吳笛悠悠說:“也只有您敢罵我,東洋鬼子假如不打過來,唉!我們倆八輩子也不會認識。”
張君浩點頭。
這一點必須承認,假如日本人不打過來,張君浩也許就不會穿越過來打鬼子呢!
現在的張君浩已經非常自信,吳笛家雖然富可敵國,吳笛作為吳家獨女,能嫁將軍吳家也得祖墳燒高香。
兩人的思路不在一個頻道上,但對結論都是認可的。
吳笛繼續說:“徐宏圖家雖然有錢有勢,但只是在后溪街。”
徐宏圖笑說:“徐家在杭州也很厲害,我的兩個哥哥不僅在杭州做生意,還在上海也做生意呢,而且生意都做得很大。”
吳笛冷笑說:“漢奸!我們應該把你的兩個哥哥全都抓起來。你是漢奸家屬,也不是好東西。”
徐宏圖嘆氣,低下頭。
張君浩苦笑,吳笛的年齡比徐宏圖還小,兩人間存在著競爭關系。吳笛心眼太小,想方設法想壓制徐宏圖。張君浩決定為徐宏圖撐腰。
張君浩擺手說:“哥哥歸哥哥,徐宏圖歸徐宏圖。我到江山去前,曾在徐家村打過仗,徐家被鬼子殺了一百多男丁,大量婦女被鬼子糟蹋,徐宏圖小媽都不堪污辱被鬼子逼死了。徐宏圖父親非常支持抗戰,徐宏圖也當上了游擊隊長。不說別的,就說徐宏圖帶來的游擊隊,其中大量骨干都是徐家人。
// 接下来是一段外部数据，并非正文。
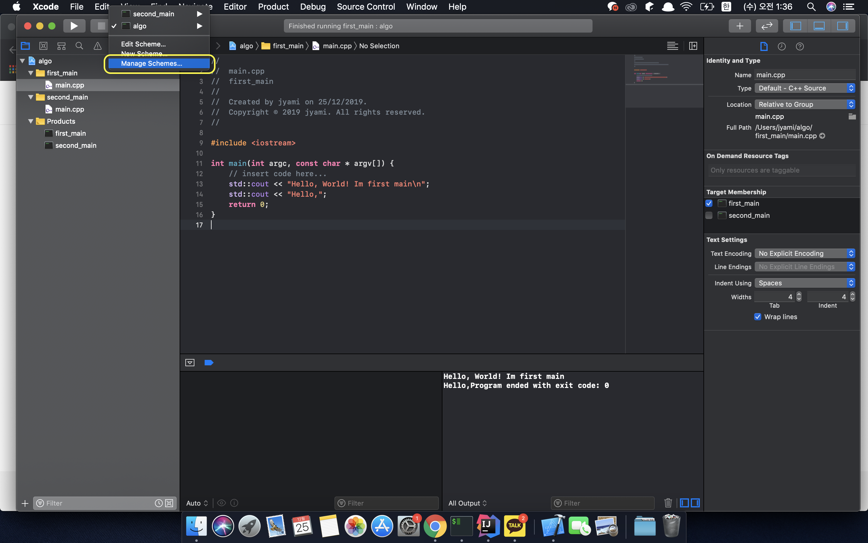 6-3. 위에 있는 Run에는 여전히 algo로 떠있습니다. 이대로 실행을 할 경우에는 algo에서 first_main으로 target명만 바꾼 것이기 때문에 first_main > main.cpp를 새로 작성하고 재 컴파일을 해도 올바르게 컴파일이 됩니다. 하지만, 나중에 헷갈릴 가능성이 있기 때문에 run을 위해 사용하는 Target이름 명 역시 바꾸어 주기 위해 Run 옆에 있는 Target 선택에서 Manage Schemes를 클릭합니다.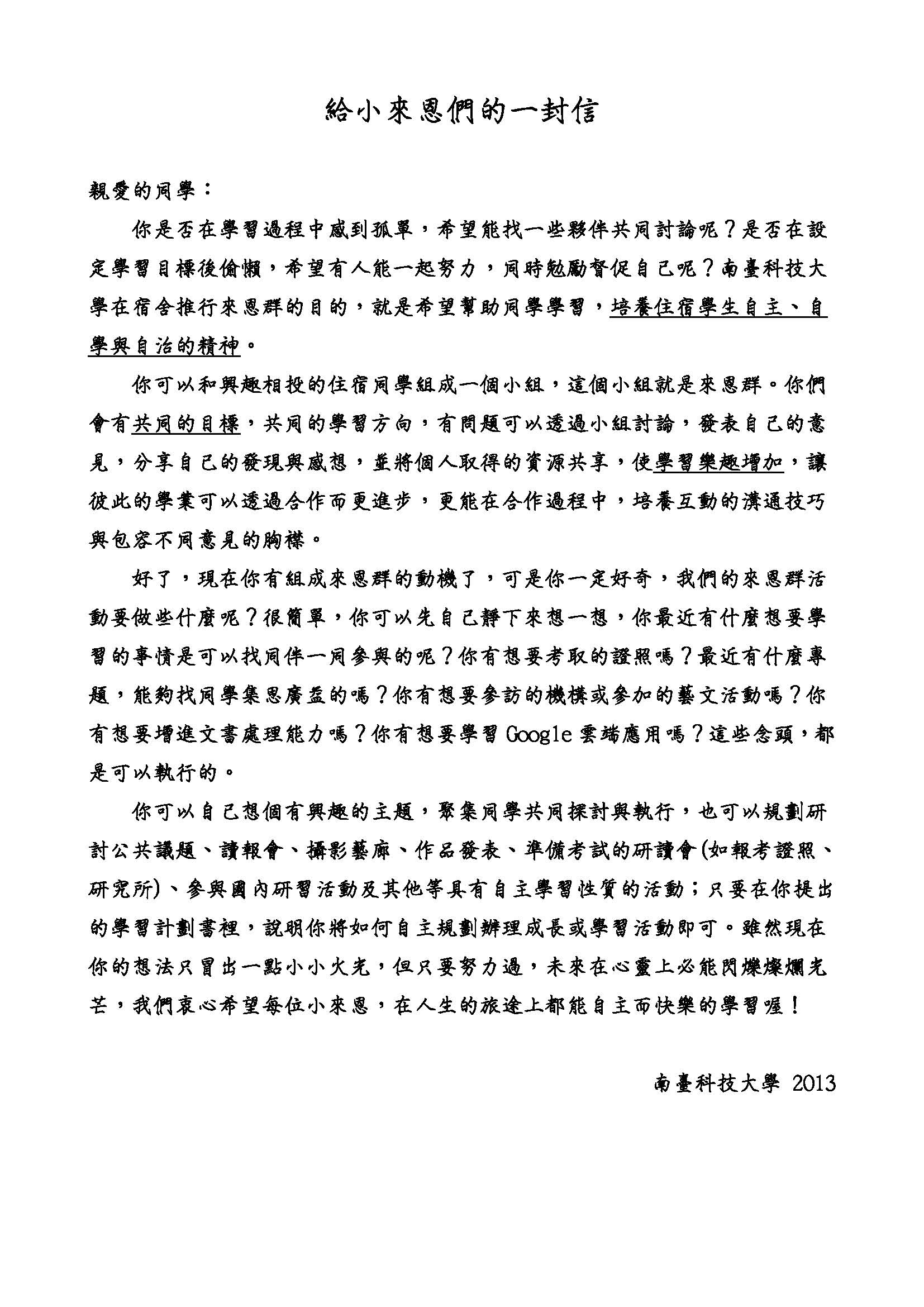 宿舍「三自書院」招募小來恩群喔!!

不說徐宏圖的哥哥,因為我們不了解,就不能妄下結論。徐宏圖是我兄弟,以后不許你再對他無禮。說你吧!東拉西扯干什么?抓住要點說。”
吳笛看著徐宏圖臉露羞愧之色,小聲說:“對不起。”
徐宏圖眼中流下淚來,沒有說話。
吳笛嘆氣說:“我錯怪人了。”
張君浩擺手說:“給我說說臺灣人。”
吳笛點頭說:“39年2月,有一個叫李友邦的人,他帶來了幾十個臺灣人,在金華成立了臺灣義勇隊,李友邦擔任隊長。我父親帶著我出席了義勇隊成立大會,我們家捐助了很多糧食給義勇隊。父親后來跟我說,這些臺灣人逃到福建崇安地區避難,是李友邦帶來的。這些臺灣人人人都說會一口流利日語,據說他們在臺灣時從小就必須學日語。他們中有很多人是醫生,工程師還有教師。他們不適合拿槍打鬼子,就創辦醫療所,給病人和有受傷人員看病。我上英士學校學醫,就是受了他們的影響。醫院的經費全靠募捐,看病一般免費。我家經常捐錢,所以我跟這些臺灣人都認識。”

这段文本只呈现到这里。